Grievances (Parts C & D)
On January 1, 2018, our plan name will change from Bridgeway Health Solutions Medicare Advantage to Allwell from Health Net.
What is a complaint/grievance?
A complaint/grievance is a formal way of telling us that you are unhappy about wait times at the doctor’s office, cleanliness of the doctor’s office, discourteous behavior by doctor’s office staff, or the quality of care received by a doctor. You can file a complaint/grievance to say you are unhappy with the timeliness, appropriateness, or access to any health service, procedure, or item as well. A complaint/grievance is also a formal way of telling us that you are unhappy about our decision on your request to expedite a decision or our refusal to provide certain services and our claims payment decisions. If you are dissatisfied with anything about us or our providers you may file a complaint/grievance. You need to file your complaint/grievance within 60 days of the occurrence. If you have a good reason for being late in filing a complaint/grievance, let us know and we will consider whether or not to extend the timeline for filing a complaint/grievance.
How to file a complaint/grievance:
- You may file a complaint/grievance by calling us at 1-877-935-8020. TTY/TDD users call (Arizona Relay Service) 711. From October 1 to February 14, you can call us 7 days a week from 8 a.m. to 8 p.m. From February 15 to September 30, you can call us Monday through Friday from 8 a.m. to 8 p.m.
- You may fax your complaint/grievance to us at 1-844-273-2671.

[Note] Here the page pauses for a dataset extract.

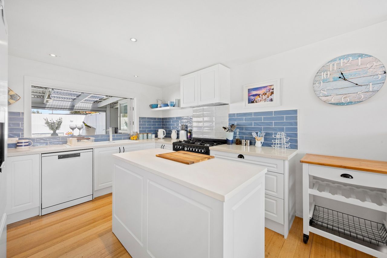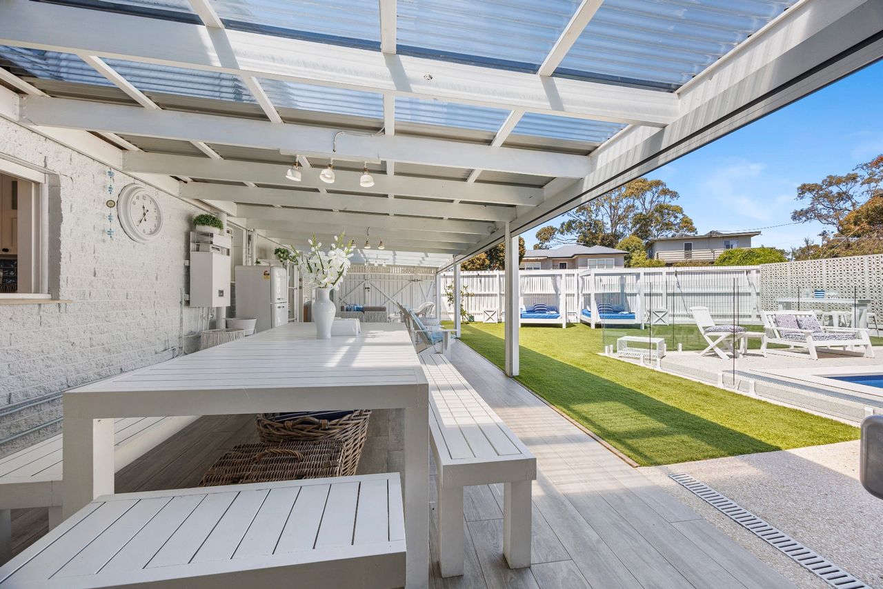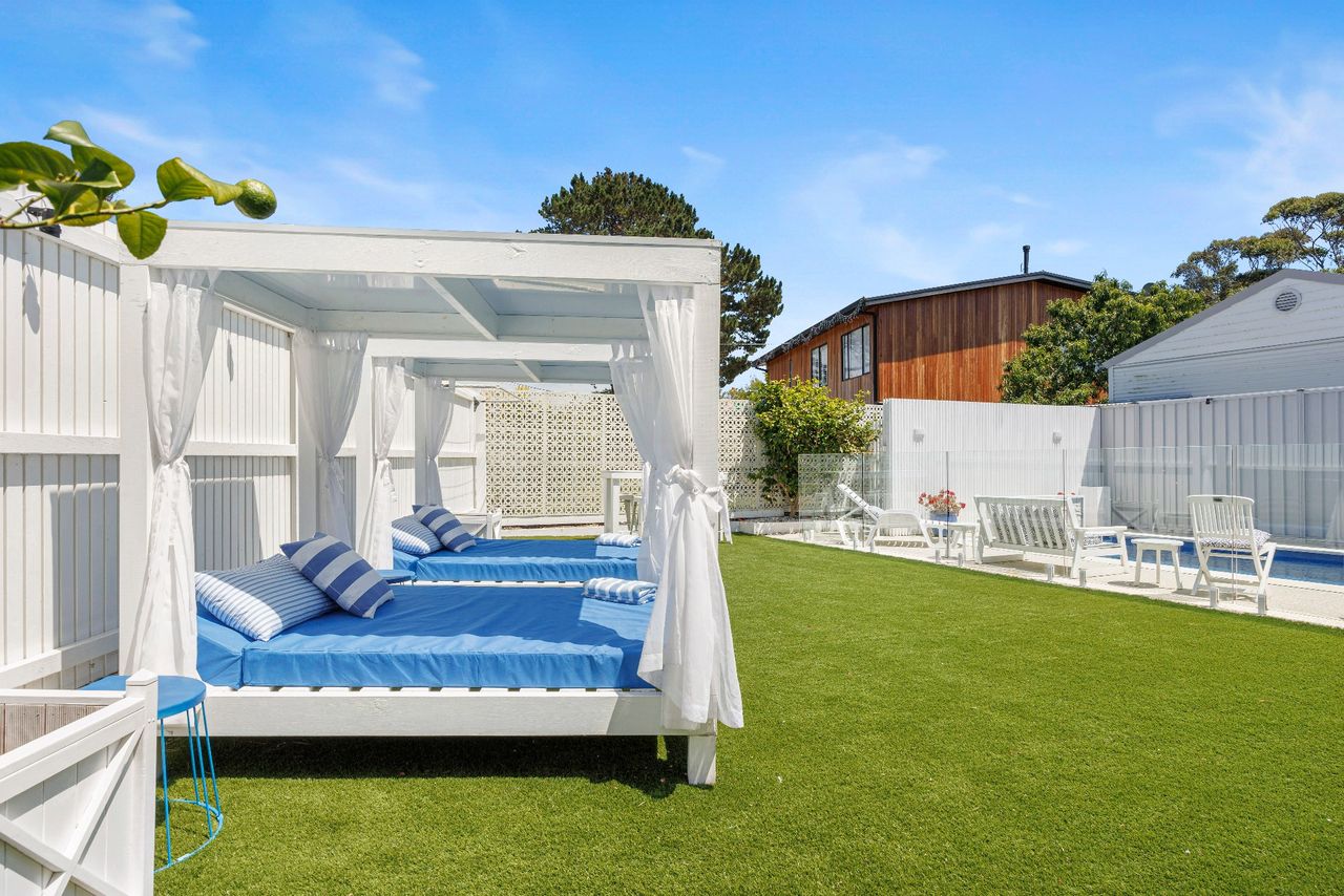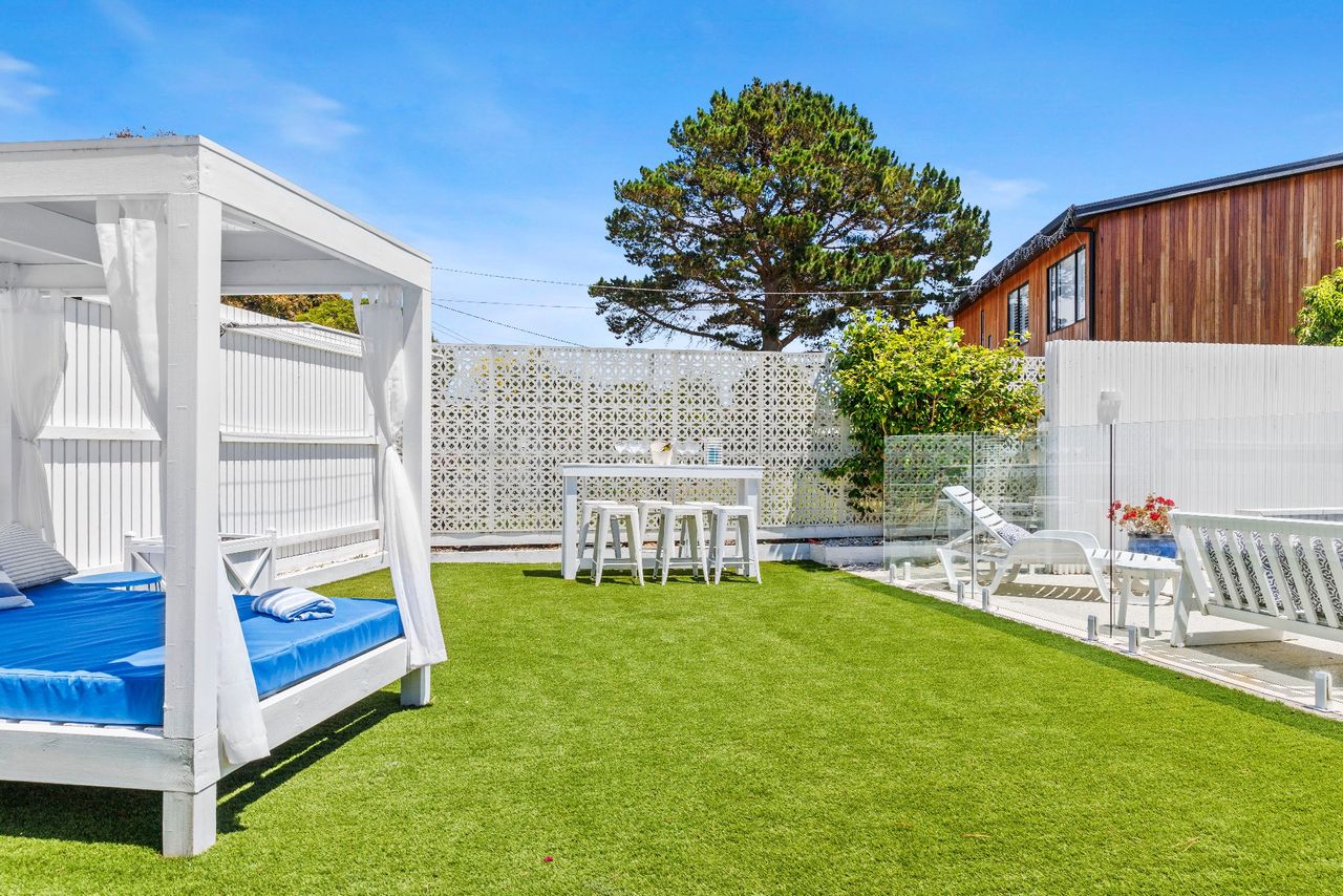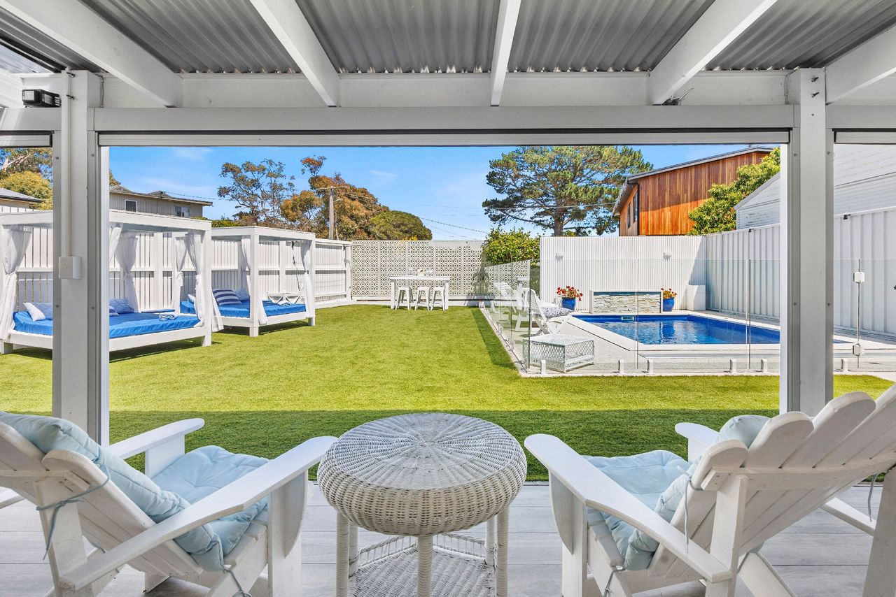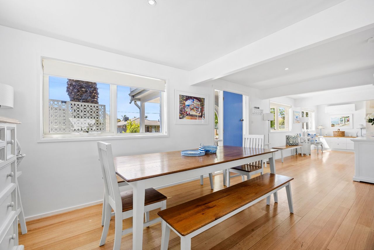 Perfect for families looking for a coastal getaway with stylish, new furnishings and a large yard, the home is just a 4 minute walk to the stunning foreshore and a short stroll to Safety Beach Country Club for those who enjoy a round of golf. With neutral tones complemented by splashes of vibrant blues, the inviting retreat includes 2 separate living zones with smart TVs, DVD players and comfortable sofas, bi-fold doors opening to a covered alfresco area with a gas barbecue and 10-seater outdoor table and a heated swimming pool behind glass balustrading with a sheet fountain that is spectacularly lit in the evenings.

- You may file a complaint/grievance by sending us a letter or the plan form provided in the link below – mail to:
Bridgeway Health Solutions Medicare Advantage
Attn: Appeals and Grievances/Medicare Operations
7700 Forsyth Blvd
Saint Louis, MO 63105
If you want someone else to file your complaint/grievance on your behalf – provide us with an Appointment of Representative Form or a legal document showing that you have chosen someone other than yourself to file for you and that this person has your permission to see all information including medical records about the complaint/grievance. More information and instructions for the Appointment of Representative Form are located in the Appeals and Grievances tab.
As a courtesy, you can utilize the plan form to file your complaint/grievance.
For process or status questions, you can contact us at Member Services at 1-877-935-8020 or TTY/TDD users (Arizona Relay Service) 711. For more process or status questions, your provider can contact us at 1-877-935-8020.
What do we do when you file a complaint/grievance?
We will look into your complaint/grievance and, if possible, give you an answer right away. If you call us with a complaint/grievance, we might be able to give you an answer on that same phone call. Most complaints/grievances are answered no later than 30 calendar days from the date you file your complaint. If we need more information and the delay is in your best interest or if you ask for more time, we can take up to 14 more calendar days (44 calendar days total) to answer your complaint/grievance. However, if we take this extension, we will notify you or your representative. If your health condition requires us to answer quickly, we will do so. Complaints made because we denied your request for a “fast coverage decision” or a “fast appeal” will automatically be considered a “fast” complaint. If you have a “fast” complaint, it means we will give you an answer within 24 hours. If we don’t agree with part or all of your complaint/grievance or don’t take responsibility for the problem you are filing, we will let you know and include reasons for this answer. We must respond whether we agree with your complaint/grievance or not.